Many of the concepts that I learned about in Models of Disease have really lasted. It sparked some of the work we did in my postdoc, which led to a next step and the next step after that. I never would have predicted that we would be doing what we’re doing now, when I was taking the course.

So your MoD experience really shaped, at some level, your research track – very cool. As a young investigator in that clinic-to-lab transitional stage, what stood out for you?

It can be so hard to know what’s next at that stage. You’re coming out of this clinical environment that’s fairly structured. For many folks, how could you possibly know what you want to do? You might know which field you want to work in, but how can you get a sense of the full breadth of what’s going on around you? The MoD course works hard to give people a sense of the breadth of science. It helps people make connections.

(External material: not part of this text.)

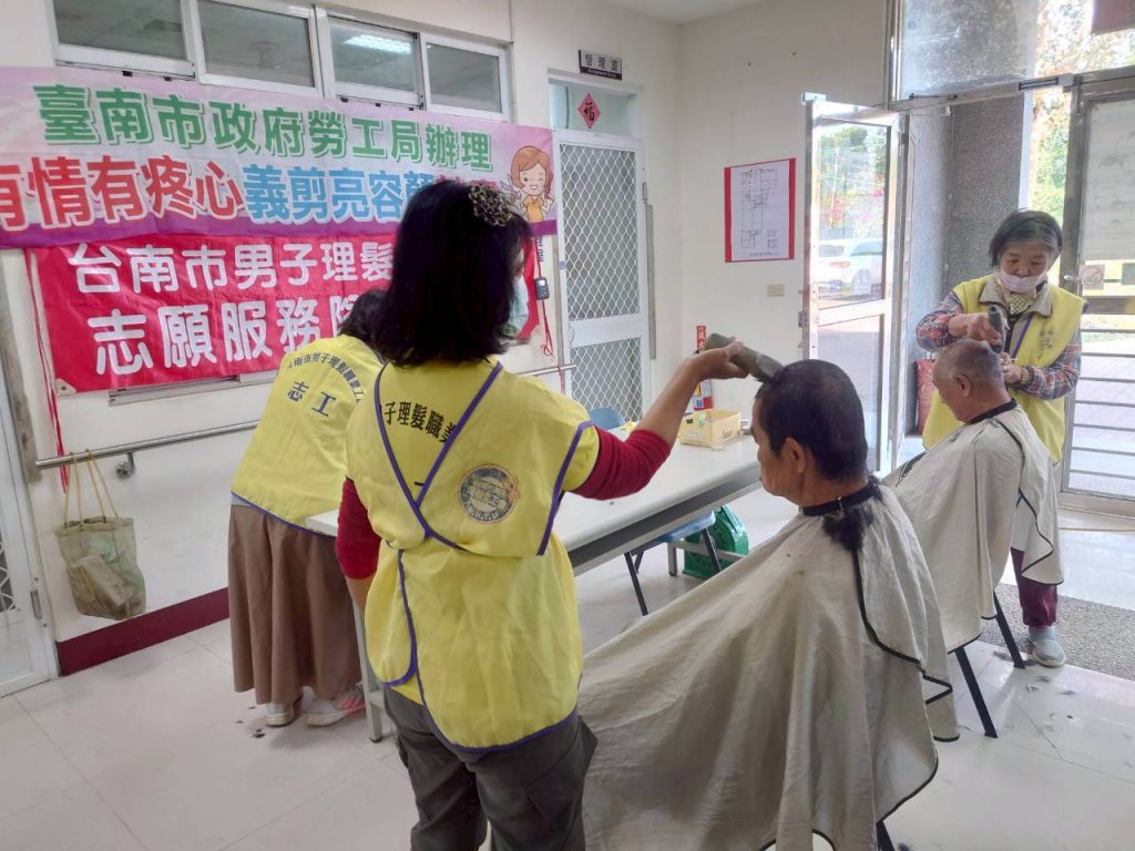 勞工局說,此次義剪由台南市男子理髮職業工會理事長陳杰雄,率領多位技術精湛理髮師參與,每位義剪志工細心為院生修整頭髮,展現專業技能與耐心。

Part of it was also just seeing people being fearless and hearing what you need to do as a clinician-scientist. Asking us: What is the most important question you can answer? The most clinically relevant? The most fundamental biological question? Whatever that is, take that and run with it. Really try to answer that question.

For me, the question has been: What drives these super-malignant pediatric cancers? And how can we disrupt that in a way that’s minimally toxic and maximally beneficial? Much of that was inspired by the Models of Disease course. It’s been really cool to build on that base.

I still talk with several folks who were in my MoD class. We trade grant drafts and manuscripts to get each other’s opinions. I’m getting feedback on whether they think something is really a big problem or if we’re answering a question properly. It’s a whole community of people who aren’t directly in my field, specialists in cardiology or endocrinology or genetics. It’s great.